CCSP cheat sheet

A one-page reference for the ISC2 CCSP — Certified Cloud Security Professional exam: the format, how the domains are weighted, and the glossary terms for this exam.

Exam at a glance

Vendor
ISC2
Level
Advanced
Questions
100
Time
180 min
Mock pass mark
70%
Domains
6
Practice Qs
124
Code
CCSP

Domain weightings

How much of the exam each domain covers. Spend your study time in proportion — the heavier the domain, the more questions you'll see.

Key terms

Shared Responsibility Model
The shared responsibility model divides security duties between the cloud provider and the customer, with the split shifting across IaaS, PaaS, and SaaS. CCSP expects you to know who secures what at each service model.
IaaS, PaaS, SaaS
IaaS, PaaS, SaaS are the three core cloud service models, delivering infrastructure, a development platform, or complete applications respectively. CCSP ties each model to a different shared-responsibility boundary.
Cloud Deployment Models
Cloud deployment models — public, private, hybrid, and community — describe who owns and can access a cloud environment. CCSP maps risk and compliance obligations to the chosen deployment model.
Cloud Data Lifecycle
The cloud data lifecycle is the six phases data moves through: create, store, use, share, archive, and destroy. CCSP Domain 2 assigns appropriate security controls to each phase.
Tokenization
Tokenization replaces sensitive data with a non-sensitive surrogate token that has no exploitable meaning, keeping the real value in a separate secured vault. CCSP contrasts it with encryption for reducing compliance scope.
Data Masking
Data masking obscures sensitive fields — by shuffling, substituting, or redacting — so non-production or lower-trust users cannot see real values. CCSP uses it to protect PII in test and analytics environments.
Key Management
Key management is the secure generation, distribution, rotation, storage, and destruction of cryptographic keys. CCSP stresses customer control of keys in the cloud through BYOK and hardware security modules.
IRM
Information Rights Management (IRM) attaches persistent, policy-based access controls to a file so restrictions travel with the data wherever it goes.

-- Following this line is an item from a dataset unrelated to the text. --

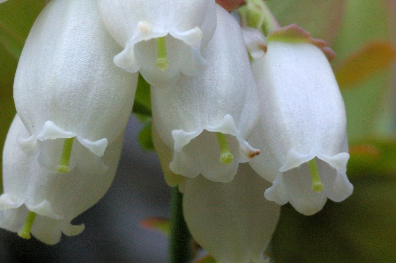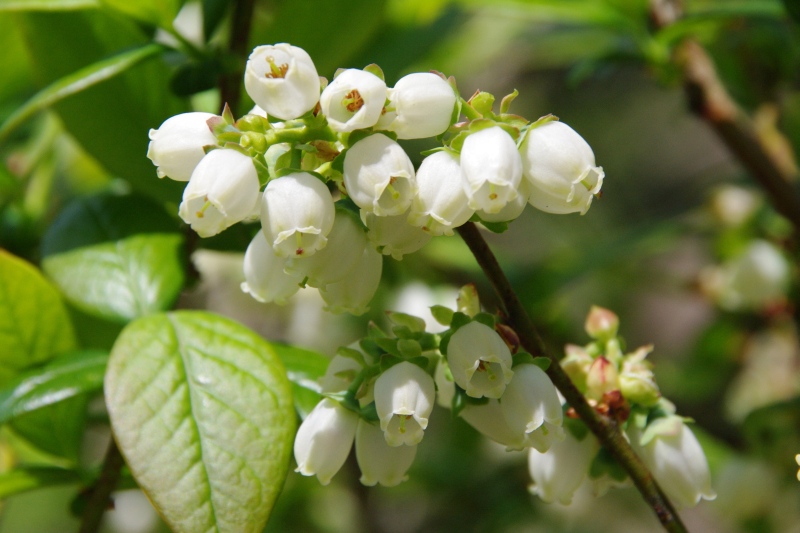 実は言わずと知れたブルーベリーですが、花はこのような壷型のかわいらしいのが咲きます。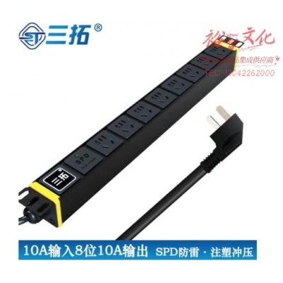 三拓 TS8108机柜PDU插座电源插排10A输入8位10a输出新国标孔SPD孔防雷模块1.5平方线芯2500WSKU:yzwhyp858549

CCSP covers IRM as protection that outlives a single storage location.
Management Plane
The management plane is the administrative interface — APIs and consoles — used to configure and control cloud infrastructure. CCSP treats it as a high-value target requiring strong isolation and access control.
Hypervisor Security
Hypervisor security protects the virtualization layer that hosts guest VMs, guarding against escape attacks and cross-tenant compromise. CCSP places it at the core of cloud platform and infrastructure security.
BCDR
Business Continuity and Disaster Recovery (BCDR) planning keeps cloud-hosted services running and recoverable through disruptions. CCSP evaluates cloud-specific BCDR options such as multi-region and provider-failover design.
OWASP Top 10
The OWASP Top 10 is a widely used list of the most critical web-application security risks, such as injection and broken access control. CCSP references it when securing cloud applications and the SDLC.
Secrets Management
Secrets management securely stores and distributes credentials, API keys, and tokens so they are never hard-coded into cloud applications. CCSP covers it under cloud application security and identity.
SOC Reports
SOC Reports (SOC 1, SOC 2, and SOC 3) are independent audit attestations that describe and validate a service provider's controls. CCSP uses SOC 2 in particular to assess a cloud provider's security assurance.
eDiscovery
eDiscovery is the identification, collection, and production of electronically stored information for legal proceedings, which is complicated in multi-tenant cloud environments. CCSP covers its unique cloud forensic and jurisdictional challenges.